Words Don’t Cook Rice

It’s been a rough week.  Last Saturday after the Clintonville Farmers Market, I headed out to ASE Feed & Supply in Plain City to get some desperately needed chicken feed before they closed at 2:00.  On the way there, I heard a terrible noise under the hood and the battery light came on.  When I arrived at the feed store, I left the truck running and popped the hood.  The serpentine belt had broken and was wrapped around the fan.  That meant that in addition to having no power steering, which had gone out several weeks earlier, the alternator was no longer charging the battery and the fan was no longer cooling the radiator.  The coolant reservoir cap had popped and a little steam was coming out.  Leaving the truck running with no air passing over the radiator put the engine at risk of overheating, but I feared that if I shut the truck off, I wouldn’t get it started again since the battery was discharging.

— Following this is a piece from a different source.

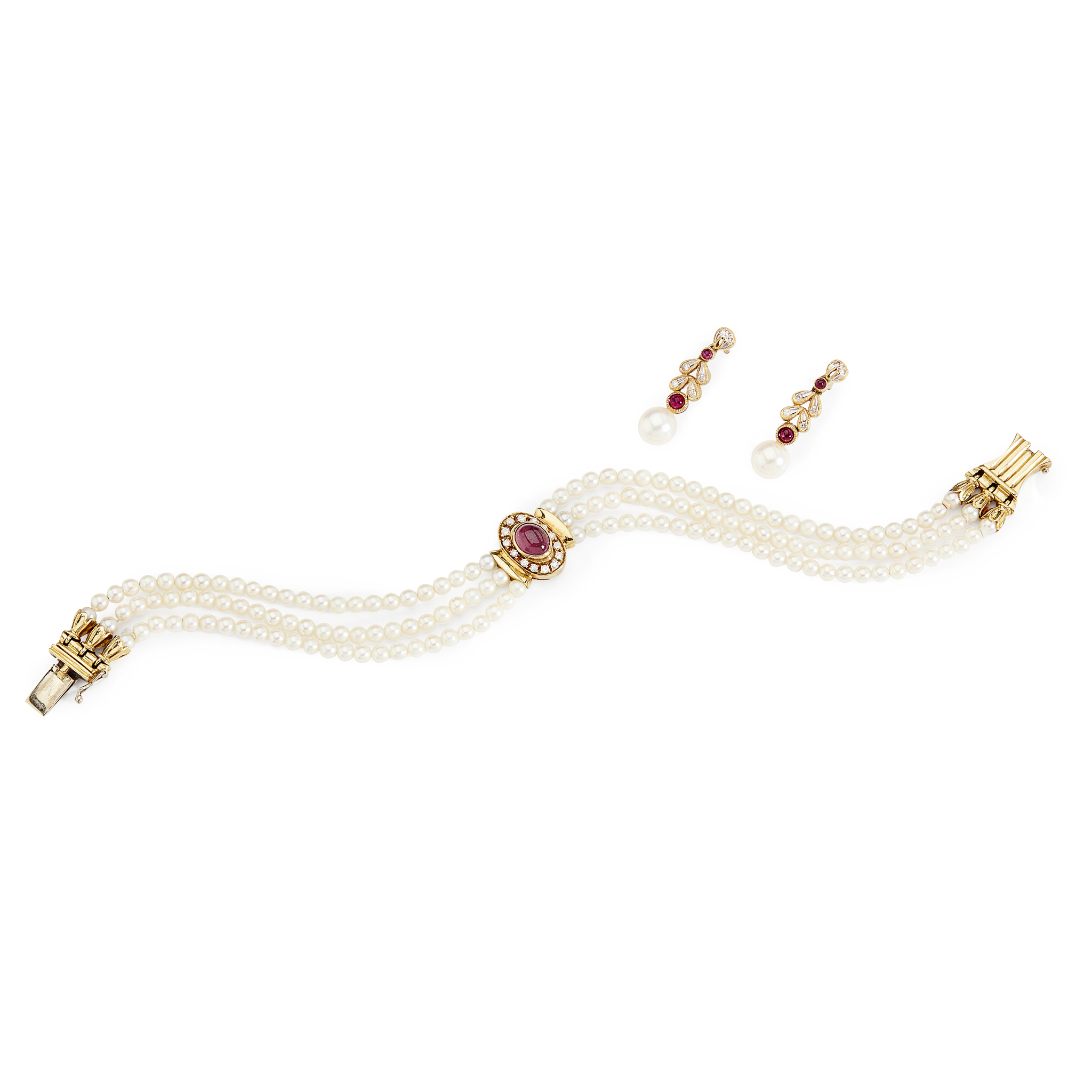 the bracelet set with a cabochon ruby in a single border of small round cut diamonds set in yellow metal, to three strands of uniform cultured pearls; together with a pair of associated diamond ruby and pearl set pendant earrings (2)

With the truck still running, I had the boy at the loading dock start loading the feed bags into my truck while I went inside to pay.  I dashed out and started to drive home.  I wasn’t seeing any steam as I drove, but the temperature was off the gauge.  The engine started getting loud.  I was hoping to make it to the highway so I could go faster and get some air rushing over the radiator, but just before I did, I came to a red light. I stopped, and the truck died, blocking traffic at the intersection.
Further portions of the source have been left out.